> [MATERIAL FOR THE TASK]:
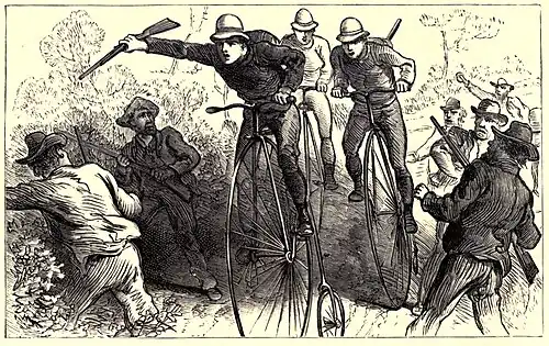 If the Buster band really had a "looking-out place" anywhere within sight of the road I don't know it, but I do know that by taking short cuts through the mountains they managed to reach the highway in advance of us, for when we reached the top of the hill of which I have spoken, and the wheelmen were about to stow the rifles in their cases preparatory to a coast, Matt Coyle and Dave Daily suddenly stepped out of a thicket on one side of the road, and as many more ruffians arose from behind the fence on the other. They were about thirty yards away, and although all except Matt carried guns in their hands, I was relieved to see that there was not a club or stone among them. They supposed that all they had to do was to form across the road, call upon the boys to halt, and they would be obeyed.
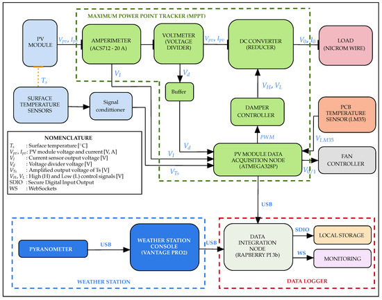 Figure 2 presents a block diagram detailing the overall system’s operation, divided into three subsystems. The first subsystem corresponds to the MPPT system, controlled by an ATMEGA328P microcontroller (Manufacturer: Microchip Technology Inc.; City: Chandler; State: AZ; Country: USA), which is responsible for acquiring the current and voltage signals to adjust the duty cycle of the DC-DC converter using PWM signals. This control is carried out through a gate driver for MOSFET transistors. This microcontroller also collects the PV module’s surface temperature and the board’s temperature, which is designed to ventilate the switching circuits due to the heat generated by the continuous power dissipation at the converter’s final load. The second subsystem is a Davis Instruments weather station, model Vantage Pro 2 (Manufacturer: Davis Instruments Corporation; City: Hayward; State: CA; Country: USA), which provides global reference irradiance measurements obtained through its console’s USB serial port. Then, the data obtained by this subsystem and the data from the ATMEGA328P microcontroller are integrated into a central processing node. Finally, the third subsystem is the data logger, which is responsible for recording, storing, and analyzing irradiance estimates to evaluate the proposed system’s performance.
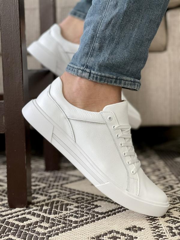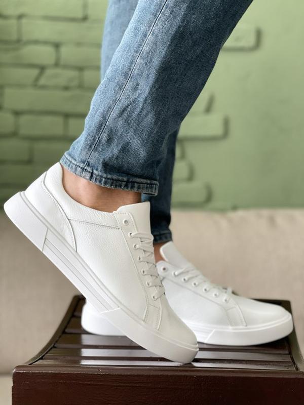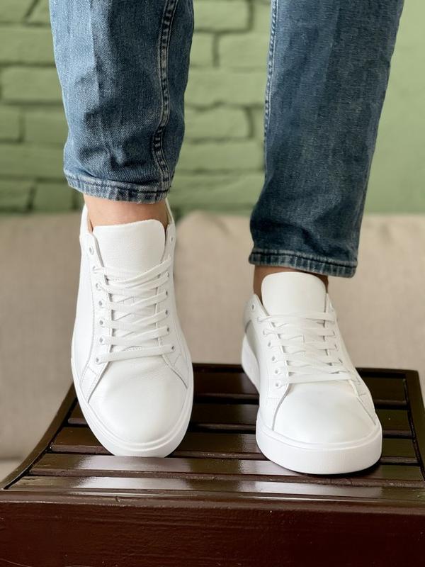 Стильные кеды мужские кожаные белые деми,демисезонные,осенние,весенние (осень,весна 2022-2023)
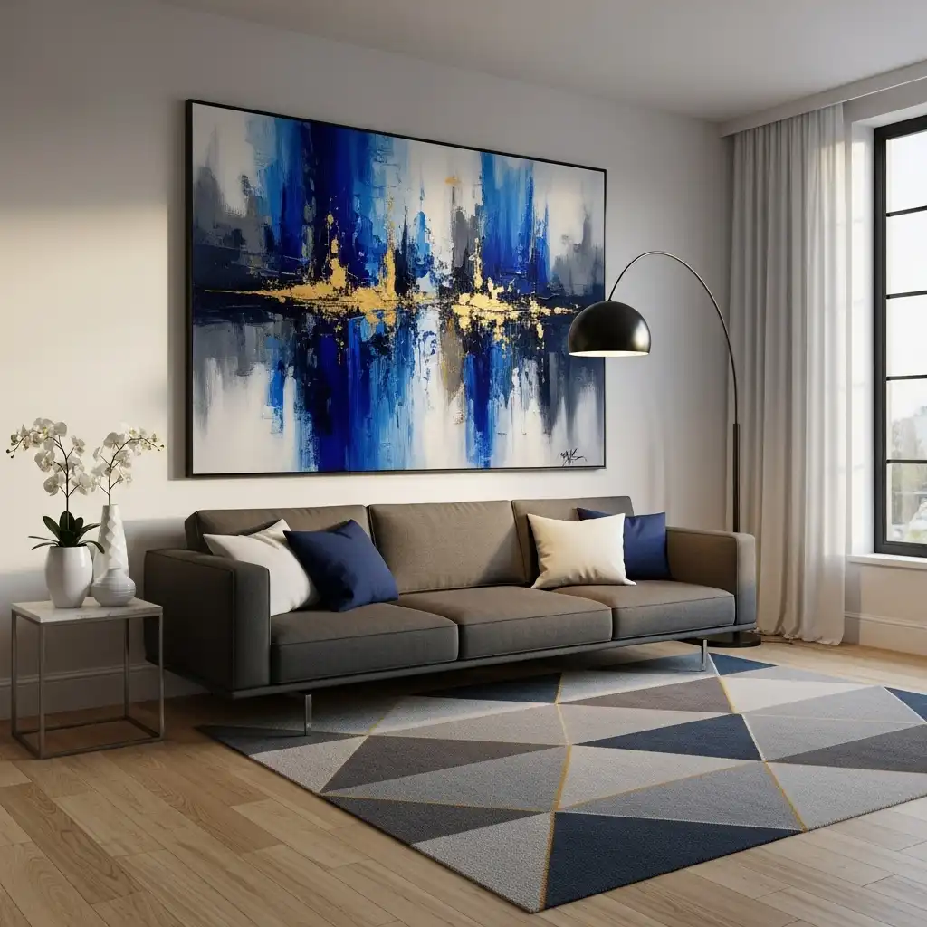 Make a bold statement with a single, oversized abstract painting. This serves as the room’s primary color anchor and eliminates the need for cluttered wall decor.
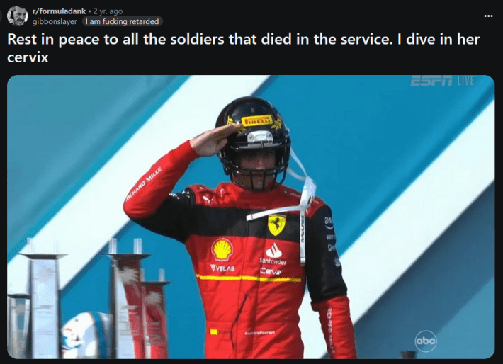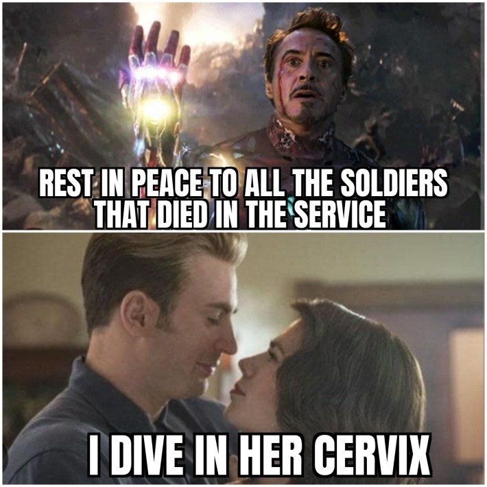 The "I dive in her cervix" meme references the song "U Da Realest" by rapper 2 Chainz. The comedic value of the line is enhanced by the fact that it immediately follows a shout-out to the troops, and its sexual nature paired with a provocative image assured that it would catch on as a viral joke.

> [WHAT TO DO]:
Give back the material word for word, leaving out its pictures.

> [EXERCISE ANSWER]:
 If the Buster band really had a "looking-out place" anywhere within sight of the road I don't know it, but I do know that by taking short cuts through the mountains they managed to reach the highway in advance of us, for when we reached the top of the hill of which I have spoken, and the wheelmen were about to stow the rifles in their cases preparatory to a coast, Matt Coyle and Dave Daily suddenly stepped out of a thicket on one side of the road, and as many more ruffians arose from behind the fence on the other. They were about thirty yards away, and although all except Matt carried guns in their hands, I was relieved to see that there was not a club or stone among them. They supposed that all they had to do was to form across the road, call upon the boys to halt, and they would be obeyed.
 Figure 2 presents a block diagram detailing the overall system’s operation, divided into three subsystems. The first subsystem corresponds to the MPPT system, controlled by an ATMEGA328P microcontroller (Manufacturer: Microchip Technology Inc.; City: Chandler; State: AZ; Country: USA), which is responsible for acquiring the current and voltage signals to adjust the duty cycle of the DC-DC converter using PWM signals. This control is carried out through a gate driver for MOSFET transistors. This microcontroller also collects the PV module’s surface temperature and the board’s temperature, which is designed to ventilate the switching circuits due to the heat generated by the continuous power dissipation at the converter’s final load. The second subsystem is a Davis Instruments weather station, model Vantage Pro 2 (Manufacturer: Davis Instruments Corporation; City: Hayward; State: CA; Country: USA), which provides global reference irradiance measurements obtained through its console’s USB serial port. Then, the data obtained by this subsystem and the data from the ATMEGA328P microcontroller are integrated into a central processing node. Finally, the third subsystem is the data logger, which is responsible for recording, storing, and analyzing irradiance estimates to evaluate the proposed system’s performance.
 Стильные кеды мужские кожаные белые деми,демисезонные,осенние,весенние (осень,весна 2022-2023)
 Make a bold statement with a single, oversized abstract painting. This serves as the room’s primary color anchor and eliminates the need for cluttered wall decor.
 The "I dive in her cervix" meme references the song "U Da Realest" by rapper 2 Chainz. The comedic value of the line is enhanced by the fact that it immediately follows a shout-out to the troops, and its sexual nature paired with a provocative image assured that it would catch on as a viral joke.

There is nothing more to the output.